TASK OBJECTIVE — Print the data that follows word for word, leaving out any picture.

SOURCE DATA —
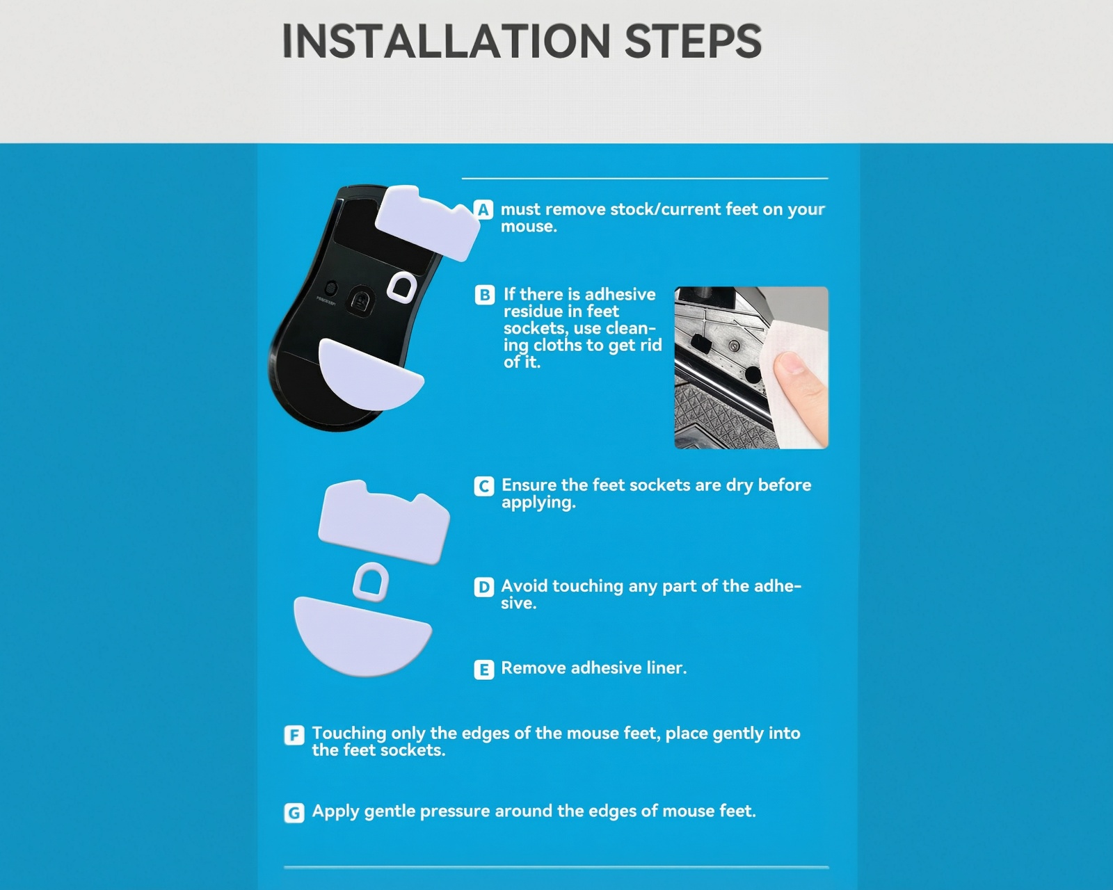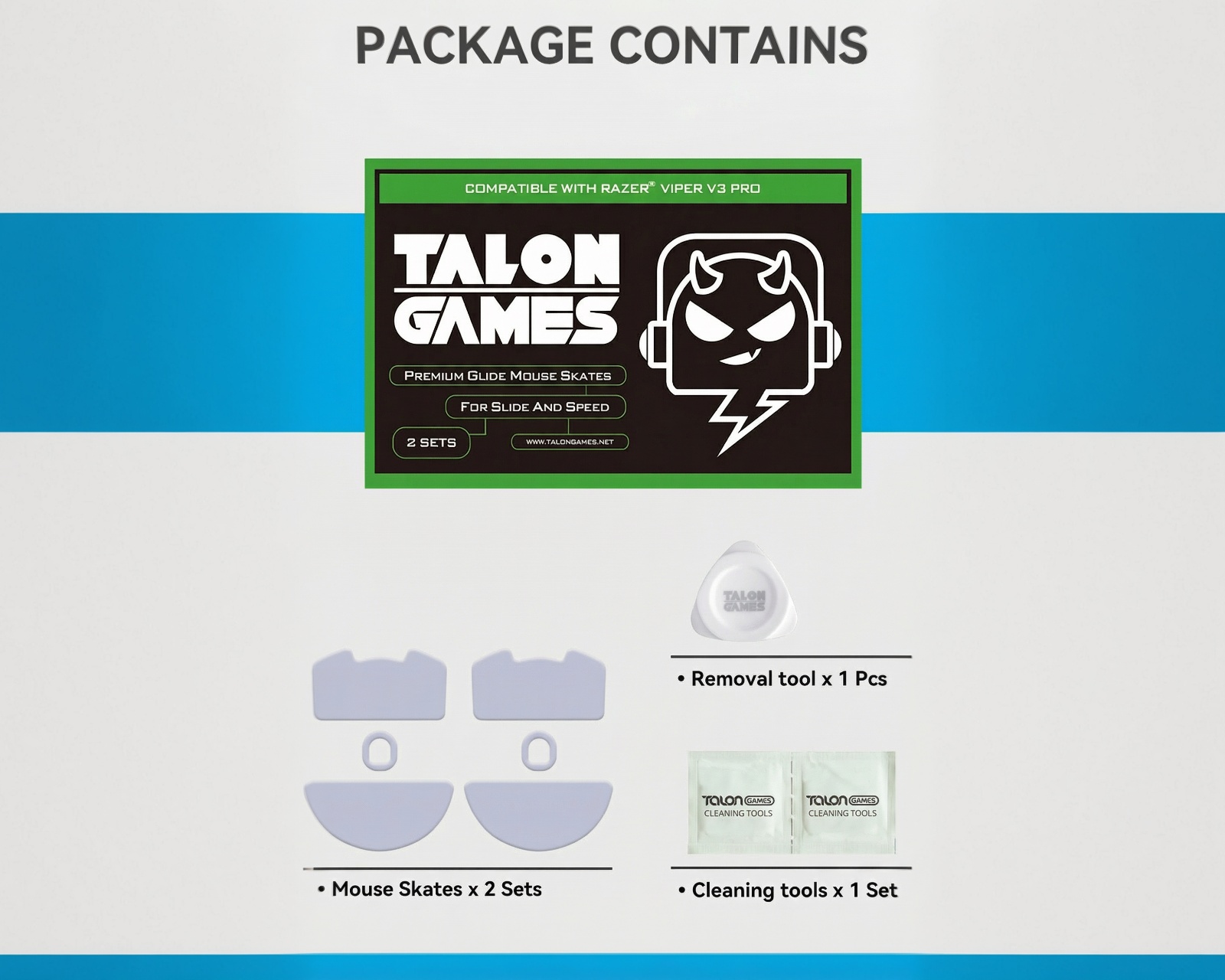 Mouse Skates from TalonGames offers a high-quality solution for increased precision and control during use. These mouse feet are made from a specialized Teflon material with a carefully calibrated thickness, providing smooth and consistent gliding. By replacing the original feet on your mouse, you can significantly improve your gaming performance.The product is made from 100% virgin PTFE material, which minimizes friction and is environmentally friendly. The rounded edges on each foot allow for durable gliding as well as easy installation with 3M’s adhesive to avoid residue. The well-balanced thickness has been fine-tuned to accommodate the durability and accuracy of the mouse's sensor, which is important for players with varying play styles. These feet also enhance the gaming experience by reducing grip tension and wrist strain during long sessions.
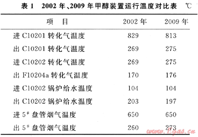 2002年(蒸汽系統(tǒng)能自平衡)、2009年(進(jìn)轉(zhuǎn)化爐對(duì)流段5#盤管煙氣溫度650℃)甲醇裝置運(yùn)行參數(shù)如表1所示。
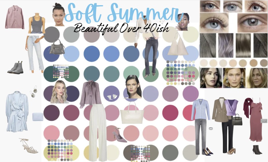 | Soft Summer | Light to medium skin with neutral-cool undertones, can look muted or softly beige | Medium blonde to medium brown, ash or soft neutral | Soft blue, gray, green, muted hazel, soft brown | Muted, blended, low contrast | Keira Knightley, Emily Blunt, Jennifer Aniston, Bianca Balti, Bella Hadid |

COMPLETED EXERCISE —
 Mouse Skates from TalonGames offers a high-quality solution for increased precision and control during use. These mouse feet are made from a specialized Teflon material with a carefully calibrated thickness, providing smooth and consistent gliding. By replacing the original feet on your mouse, you can significantly improve your gaming performance.The product is made from 100% virgin PTFE material, which minimizes friction and is environmentally friendly. The rounded edges on each foot allow for durable gliding as well as easy installation with 3M’s adhesive to avoid residue. The well-balanced thickness has been fine-tuned to accommodate the durability and accuracy of the mouse's sensor, which is important for players with varying play styles. These feet also enhance the gaming experience by reducing grip tension and wrist strain during long sessions.
 2002年(蒸汽系統(tǒng)能自平衡)、2009年(進(jìn)轉(zhuǎn)化爐對(duì)流段5#盤管煙氣溫度650℃)甲醇裝置運(yùn)行參數(shù)如表1所示。
 | Soft Summer | Light to medium skin with neutral-cool undertones, can look muted or softly beige | Medium blonde to medium brown, ash or soft neutral | Soft blue, gray, green, muted hazel, soft brown | Muted, blended, low contrast | Keira Knightley, Emily Blunt, Jennifer Aniston, Bianca Balti, Bella Hadid |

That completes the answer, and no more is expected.